São ainda de ressalvar complicações e comorbilidades relacionadas com estas doenças, especialmente a associação entre silicose e o maior risco de tuberculose pulmonar ou outras infeções por micobactérias, e ainda a sua relação pouco esclarecida com doenças autoimunes (como com o lúpus eritematoso sistémico, esclerose sistémica, glomerulonefrite, artrite reumatóide, entre outros). Poderá até estar associado à cronicidade o desenvolvimento de cancro do pulmão ou doença pulmonar obstrutiva crónica, pelo que é necessário vigiar global e longitudinalmente estes doentes (20)(21).

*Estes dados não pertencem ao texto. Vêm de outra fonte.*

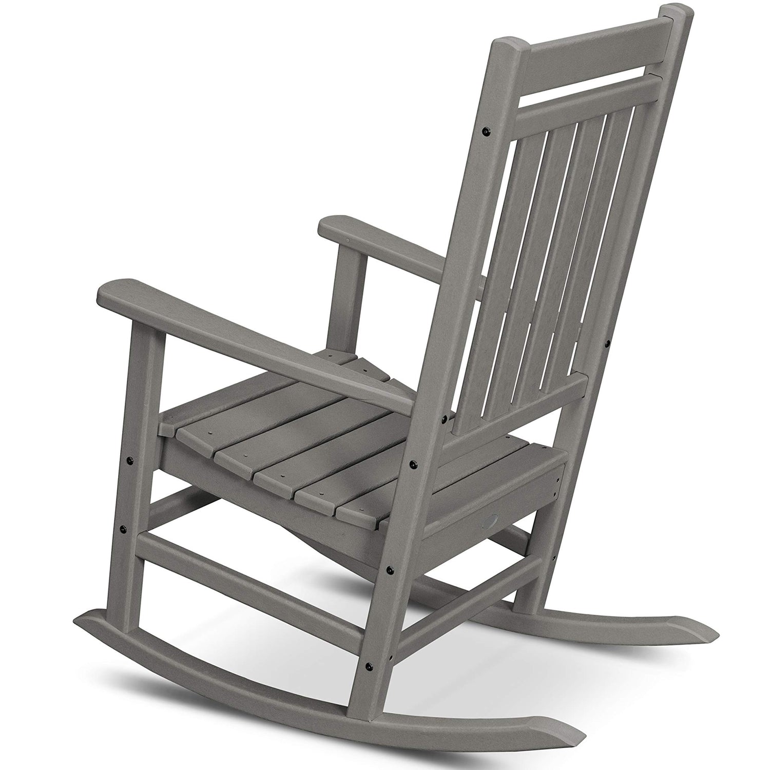 Details: Add a touch of tradition to your porch with the Plantation Porch Rocking Chair (R199). Made in Syracuse, Indiana, from genuine POLYWOOD lumber, this attractive rocking chair is both low-maintenance and eco-friendly. POLYWOOD lumber does not splinter, rot, or crack like natural wood, and resists food and beverage stains. Available in a range of UV-inhibiting colors, your Plantation Porch Rocking Chair never needs painting or staining. Like all POLYWOOD furniture, the Plantation Porch Rocking Chair comes with a 20-year residential warranty protecting against cracking, peeling, splintering and cracking. The chair weighs only 35 lbs, and measures 26.25x41.25x34 inches. A curved seat increases comfort and pairs well with the POLYWOOD Seat Cushion (XPWS0007).

Sabendo que o afastamento pós-exposição poderá não ser suficiente para o controlo da doença, tanto na silicose, como na AAE, e noutras pneumoconioses, a pedra basilar passa por evitar a exposição a partículas de risco, tal implicando a educação e sensibilização do trabalhador e das empresas para os riscos e para a necessidade de prevenção e a otimização das condições de trabalho- individualmente, com medidas de higiene pessoal e uso adequado de proteção das vias respiratórias e equipamentos individuais (óculos, luvas, roupa, calçado); e coletivamente, com gestão da exposição e sistemas de vigilância e contenção de risco (com alteração do processo, redução das atividades suscetíveis de libertar poeiras, redução do tempo de exposição e permanência dos trabalhadores em locais de maior exposição, redução do número de trabalhadores expostos, bem como adequação dos sistemas de ventilação) (22)(23). É fundamental estar alerta para a obrigação de notificação destas doenças profissionais e ainda valorizar a necessidade de alteração do posto de trabalho ou até mesmo de atribuição de inaptidão definitiva para o trabalho, cabendo não só aos serviços de saúde ocupacional com carácter multidisciplinar, mas também ao MF direcionar e apoiar o doente neste processo (24).
CONCLUSÃO
É de extrema importância a vigilância apertada da saúde dos trabalhadores com exposições de risco. Apesar de competir em primeiro lugar à Saúde Ocupacional prevenir as doenças profissionais e promover proactivamente a saúde e qualidade de vida dos trabalhadores, cabe também ao MF avaliar o estado de saúde global dos utentes que acompanha, com abrangência biopsicossocial, o que inclui um acompanhamento da sua história ocupacional e a abordagem de possíveis condições associadas. O diagnóstico destas entidades quer-se o mais precocemente possível, sendo necessária grande suspeição por parte do clínico para identificação de agentes laborais como possíveis causadores de doença, mesmo perante ausência de sintomas ou queixas, mas assumindo o risco laboral per si, pelo que o MF deve estar sensibilizado para esta temática. O MF, pelo seu acompanhamento longitudinal durante toda a vida e gestão da multimorbilidade, tem um papel fulcral no seguimento destes utentes, promovendo estilos de vida e de trabalho saudáveis, realizando um diagnóstico precoce e inciso destas doenças, procedendo ao encaminhamento para avaliação mais especializada, e garantindo manutenção da vigilância para gestão de intercorrências e de comorbilidades, podendo assim melhorar o prognóstico e qualidade de vida dos seus utentes.